Эту историю я расскажу от первого лица. Услышал я её от моего дядьки – дяди Пети, которого случай занёс в те, богом забытые, места в приполярных широтах и сделал достоверным свидетелем произошедшего. Услышать об этом мне довелось только один раз, в мою бытность студентом “подземного” факультета горного института. Но и этого мне хватило, чтобы это отложилось во мне на всю жизнь…
Мы, студенты-горняки, почему-то культивировали в себе этакую грубоватую “крутизну”. Это выражалось хотя бы в особом отношении к употреблению крепких напитков. “Перебрать” на вечеринке считалось чуть ли не доблестью в нашем кругу. Рассказы о пьяных приключениях и курьёзах были не применной составляющей нашего трёпа. Интеллигентное поведение так же не “ котировалось” в нашей среде. Мы снисходительно сами решали для себя — какие из предметов, преподаваемых нам, будут нужны в дальнейшей жизни, а какие нет. Огонь и медные трубы ждали нас! Тогда мы по глупости думали, что главное из того что нам стоило уметь - это ничего не бояться!

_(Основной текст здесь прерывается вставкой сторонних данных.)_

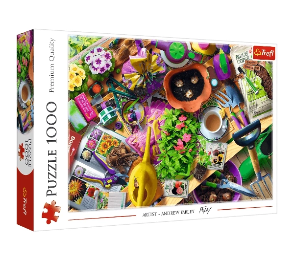 Opis: Puzzle Porządki w ogrodzie, składające się z 1000 elementów, przedstawiają barwny obrazek, który zachwyci nie tylko ogrodników. Po ich ułożeniu powstanie obrazek w rozmiarach 683x480 mm.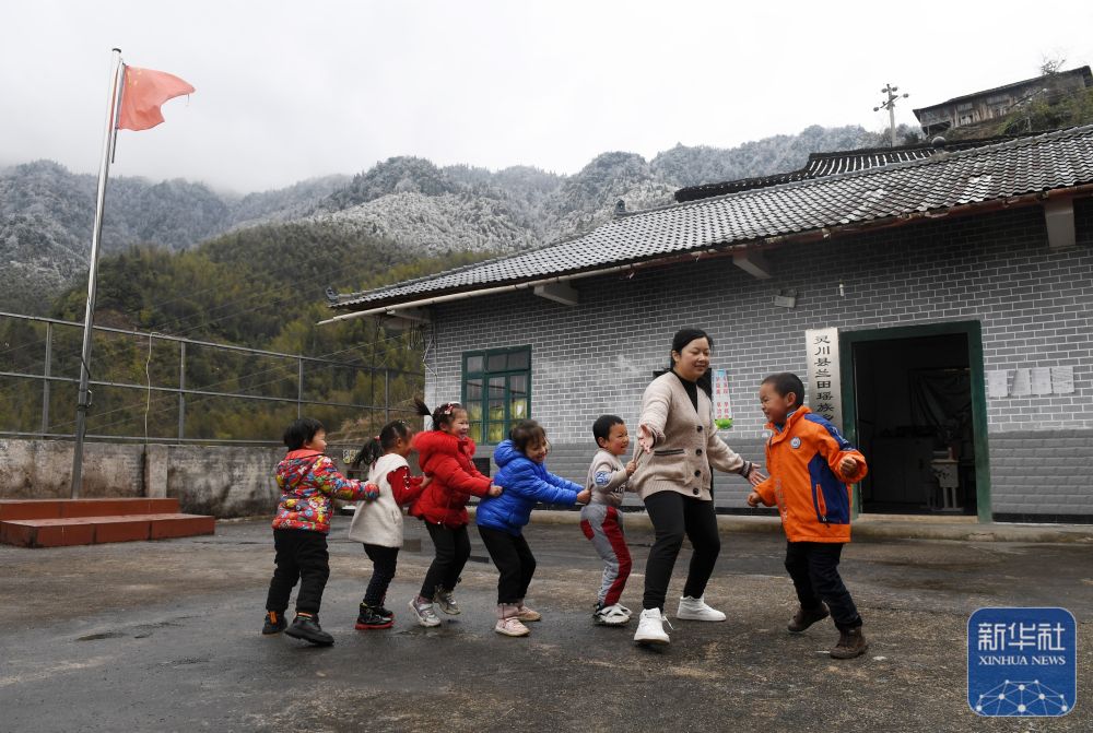 在廣西靈川縣蘭田瑤族鄉(xiāng)東良教學(xué)點,“85后”老師石夏月和學(xué)生做游戲(2022年2月24日攝)。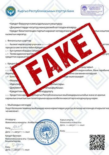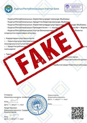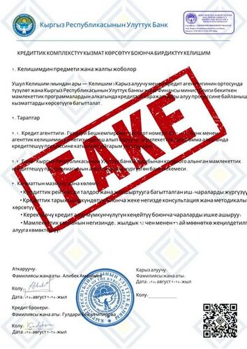 To make the case, they show fake documents with the logo of the National Bank of the Kyrgyz Republic and fake positive reviews in Telegram from clients who allegedly received loans. Then, under various pretexts (insurance, fee, etc.), the fraudsters ask citizens to transfer money to them and send a fake loan agreement.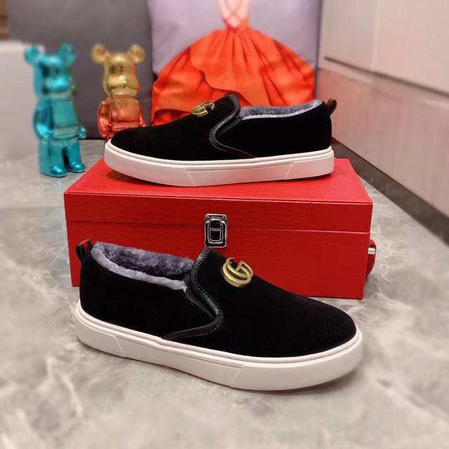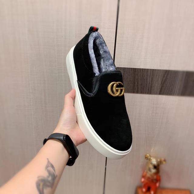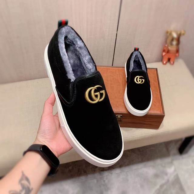 New Style with Fleece Lining: Factory Price G-Class* Latest Hot-Selling Casual Shoes, Top Brand Luxury ~ Imported, Top Quality. Same product sold in department stores. The upper is made of imported breathable suede paired with a breathable fleece lining with exquisite workmanship. Original design, stylish and soft rubber outsole, wear-resistant and non-slip, lightweight and comfortable on the foot. Actual product photos show even better. Size 266 (Guangzhou): 38-44. Black. (DDD)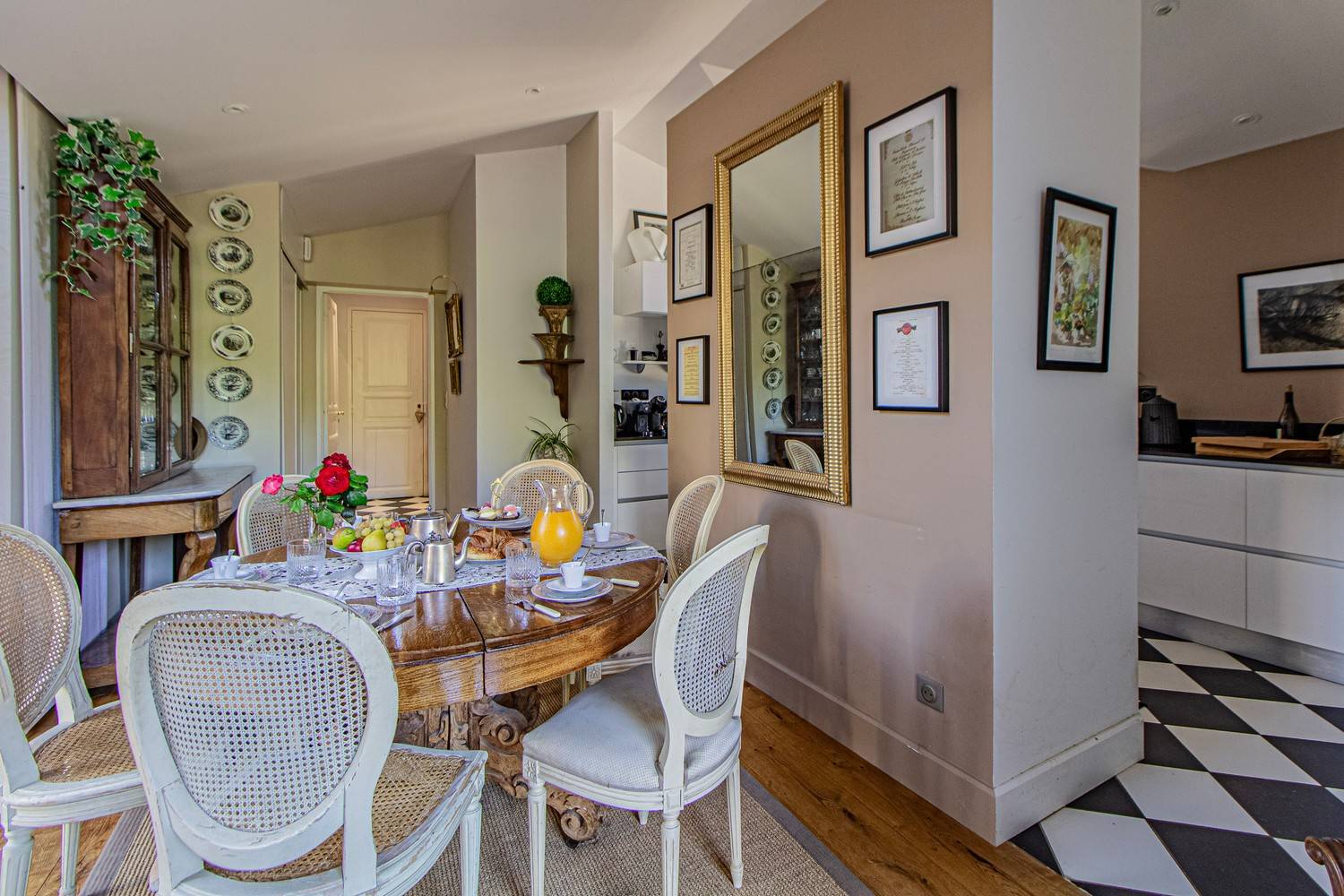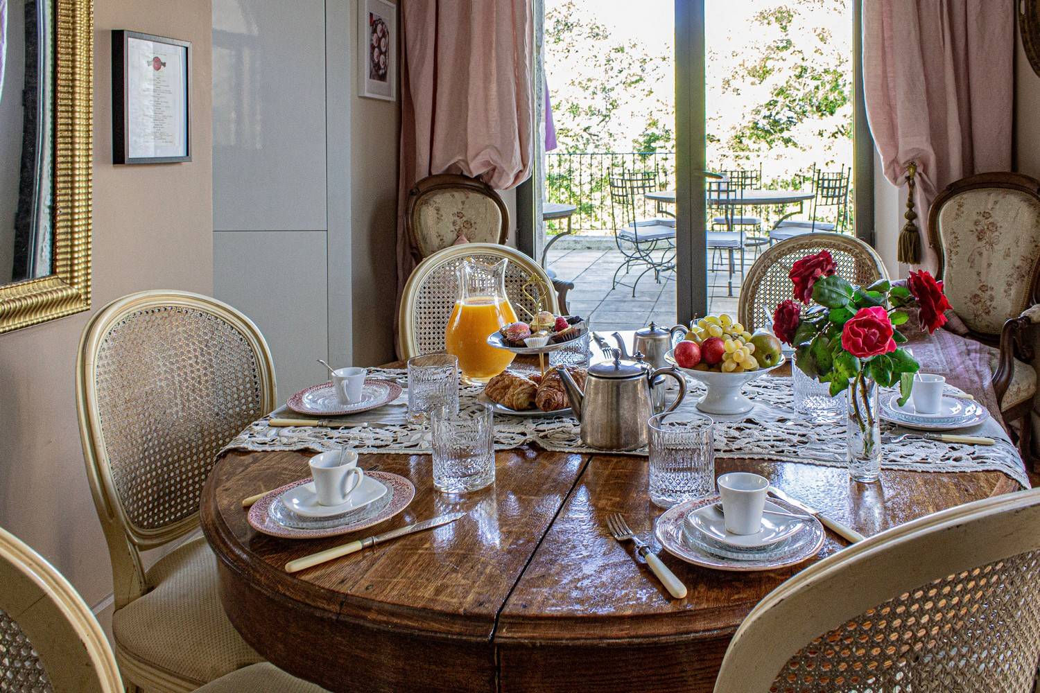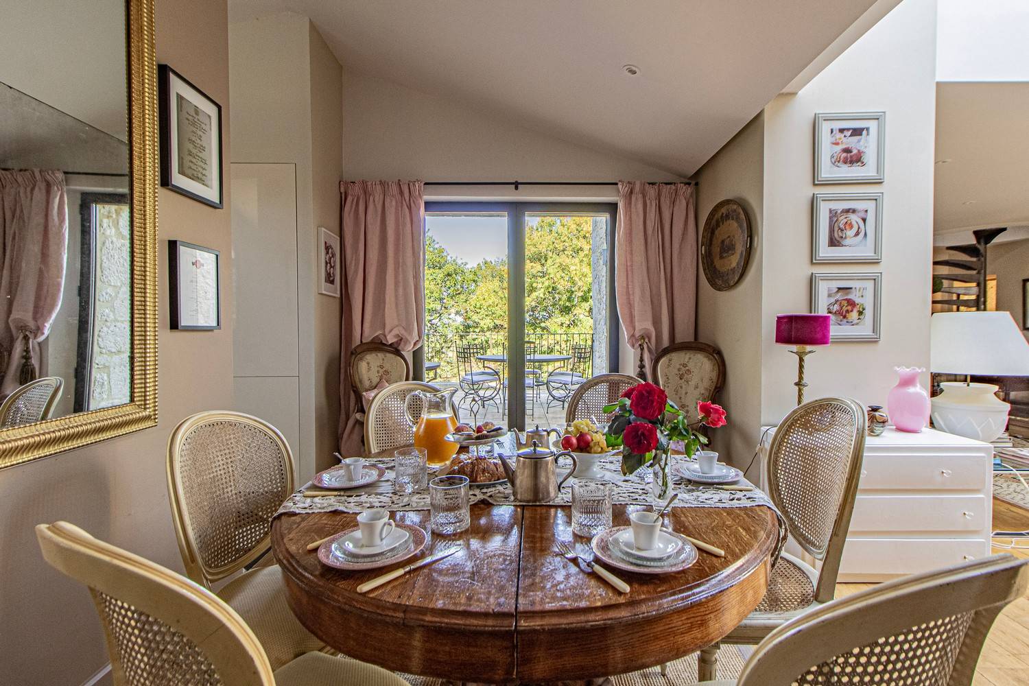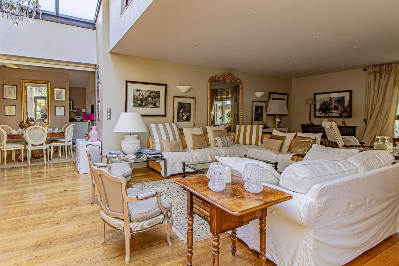 De ruime woonkamer is stijlvol ingericht met antieke meubels, kroonluchters en hardhouten vloeren. Grote glazen deuren zorgen voor veel licht en geven direct toegang tot het terras en de tuin. Aangrenzend bevindt zich de eetkamer met een eettafel voor 6 personen en een tweede eethoek op het balkon met uitzicht op zwembad en tuin.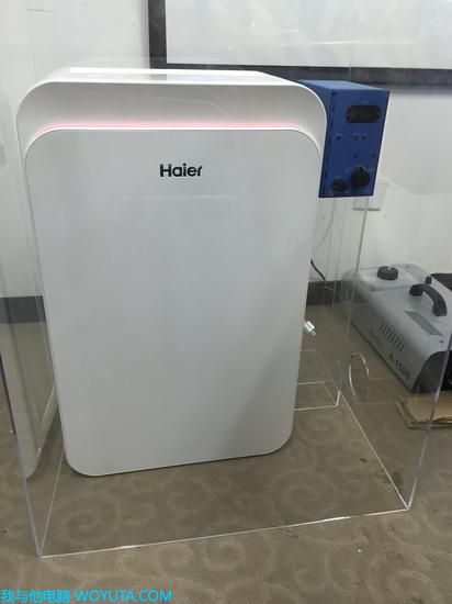 现场进行了“密闭透明空间”海尔除醛机实际效果测试。通过向空间内注入含甲醛烟雾,甲醛测试仪和海尔智能除醛机传感器第一时间检测到了空间内空气的变化,甲醛测试仪实时显示着当前空气中的甲醛含量,而海尔智能除醛机在前置面板设有的空气质量指示灯,也是由开启状态的绿色变为红色,随着除醛功能的运行,变成橙色,然后变为黄绿色,最终达到空气健康状态下的绿色。
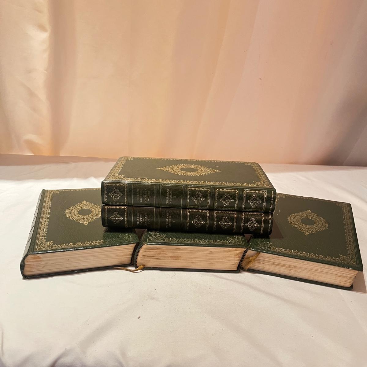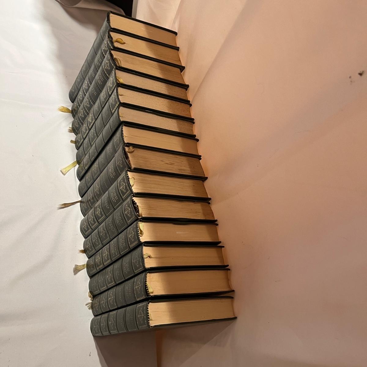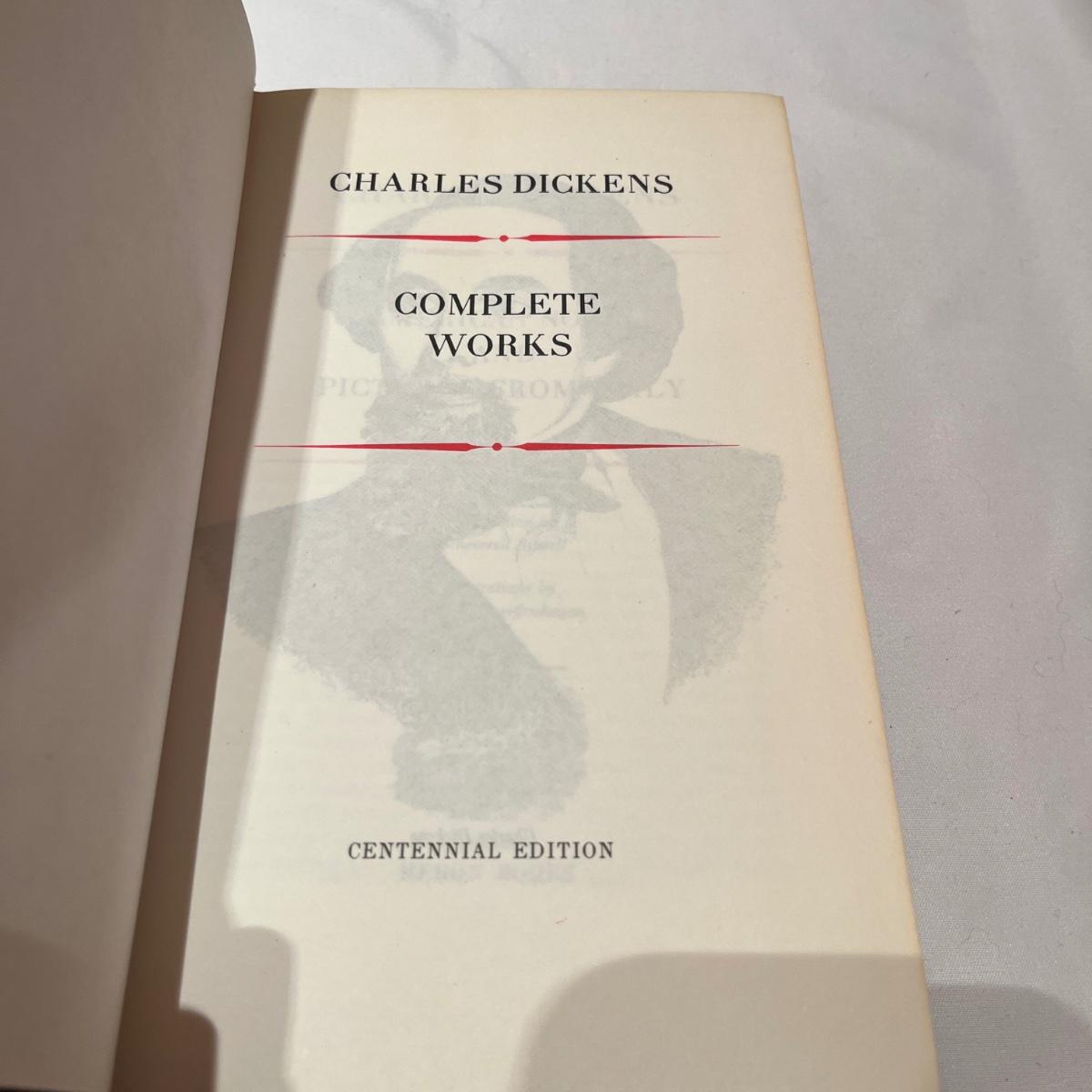 This Charles Dickens Centennial Edition book contains 14 books including Oliver Twist, American Notes, A Tale of Two Cities, Pickwick Papers & More. Each book measures 5” x 1.5” x 8”H. A few books have spotting on the tops, see pictures for other conditions including binding.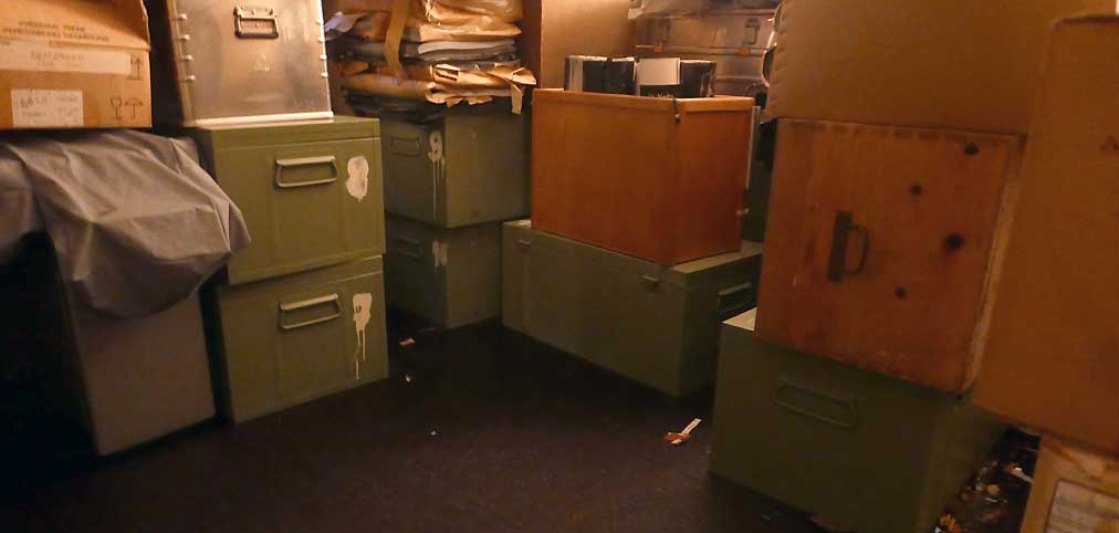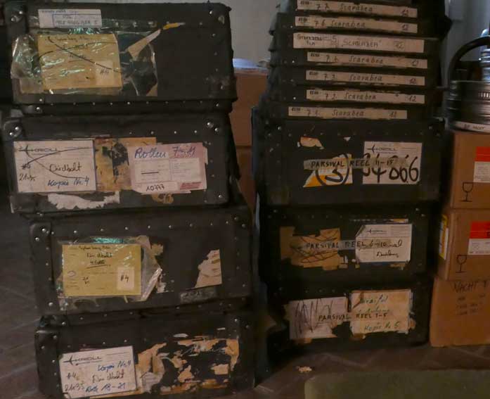 Neben den Filmmaterialien und Kisten voll Tagebüchern

Пройти обязательную летнюю практику на предприятии и хорошо заработать считалось удачей и признаком раннего профессионализма. Эти “практикантские” деньги не бывали лишними в то, ещё голодное, послевоенное время. Потому многие старались устроить себе вызовы на предприятия Заполярья или Колымы. Мне так же удалось, заранее подсуетившись, через хорошего знакомого моего отца, устроить себе вызов на одно из горнодобывающих предприятий Колымского края.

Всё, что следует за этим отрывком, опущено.